- [Data extract]
-*-*-

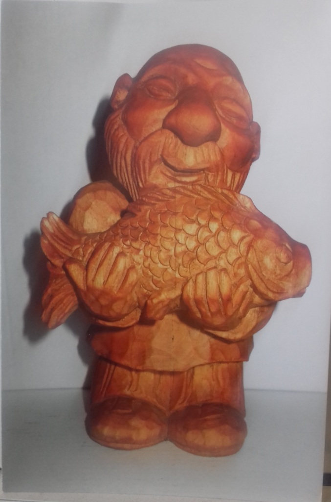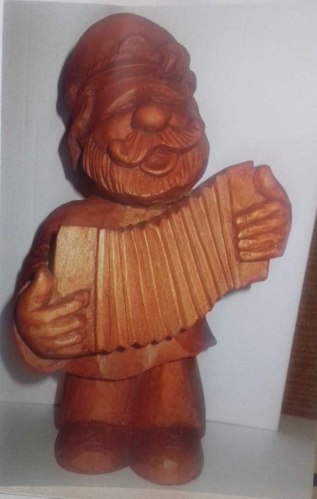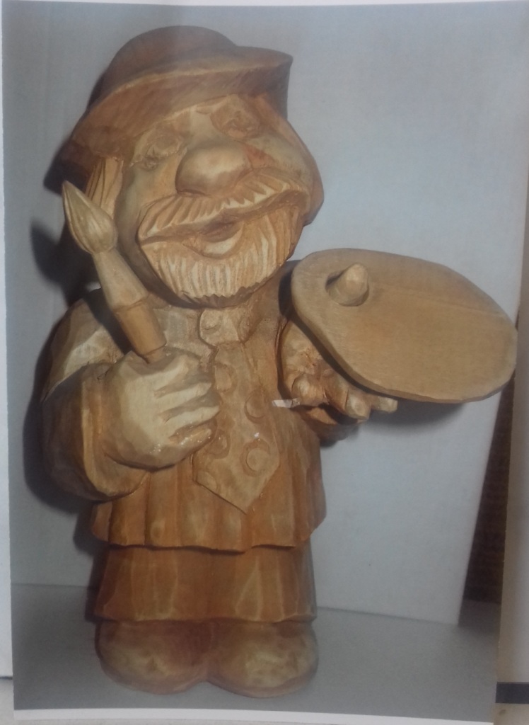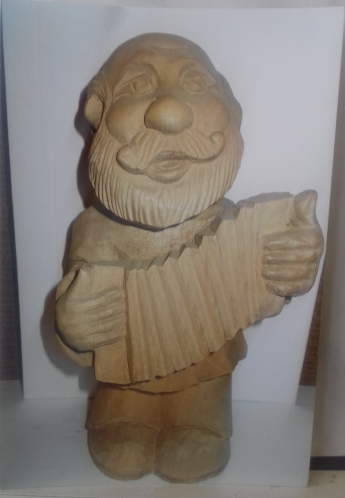 Михаил Павлович может выполнить из дерева любое изделие – шкатулку, кухонную утварь, посуду, как вручную, так и на токарном станке, - но как автор нашёл себя в производстве деревянных фигурок: забавных, характерных, гротескных, карикатурных, неизменно вызывающих улыбку. Фигурки мастер вырезает из двух частей дерева, затем склеивает, сушит и тонирует морилкой. Весь инструмент для работы мастер также изготовил сам.
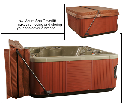 Click here to see the spa cover lifter assembly instructionsThe hottub Low Mount Cover Lift is the perfect answer for lifting your spa cover with ease. Constructed of the highest quality powder-coated steel, the lift will not rust or corrode over time.
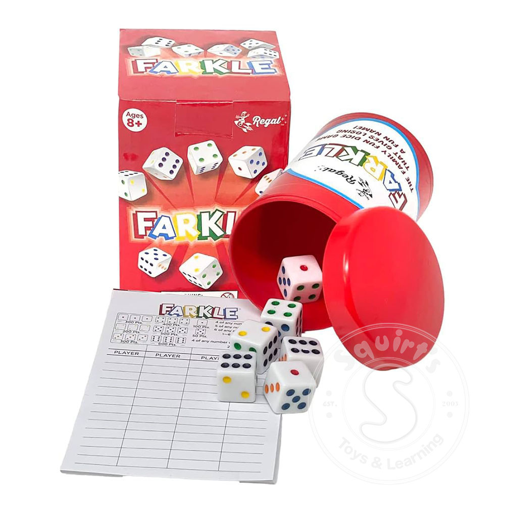 Farkle Fun: Whether you want to play with your family, organize a game night with friends, or just seek some entertainment, this Farkle Classic Dice Game is suitable for any occasion. It includes 6 colored dice, a plastic dice cup, 25 scorecards...

-*-*-

- [What is required]
An exact copy of the material is required, minus the pictures.

- [Response]
 Михаил Павлович может выполнить из дерева любое изделие – шкатулку, кухонную утварь, посуду, как вручную, так и на токарном станке, - но как автор нашёл себя в производстве деревянных фигурок: забавных, характерных, гротескных, карикатурных, неизменно вызывающих улыбку. Фигурки мастер вырезает из двух частей дерева, затем склеивает, сушит и тонирует морилкой. Весь инструмент для работы мастер также изготовил сам.
 Click here to see the spa cover lifter assembly instructionsThe hottub Low Mount Cover Lift is the perfect answer for lifting your spa cover with ease. Constructed of the highest quality powder-coated steel, the lift will not rust or corrode over time.
 Farkle Fun: Whether you want to play with your family, organize a game night with friends, or just seek some entertainment, this Farkle Classic Dice Game is suitable for any occasion. It includes 6 colored dice, a plastic dice cup, 25 scorecards...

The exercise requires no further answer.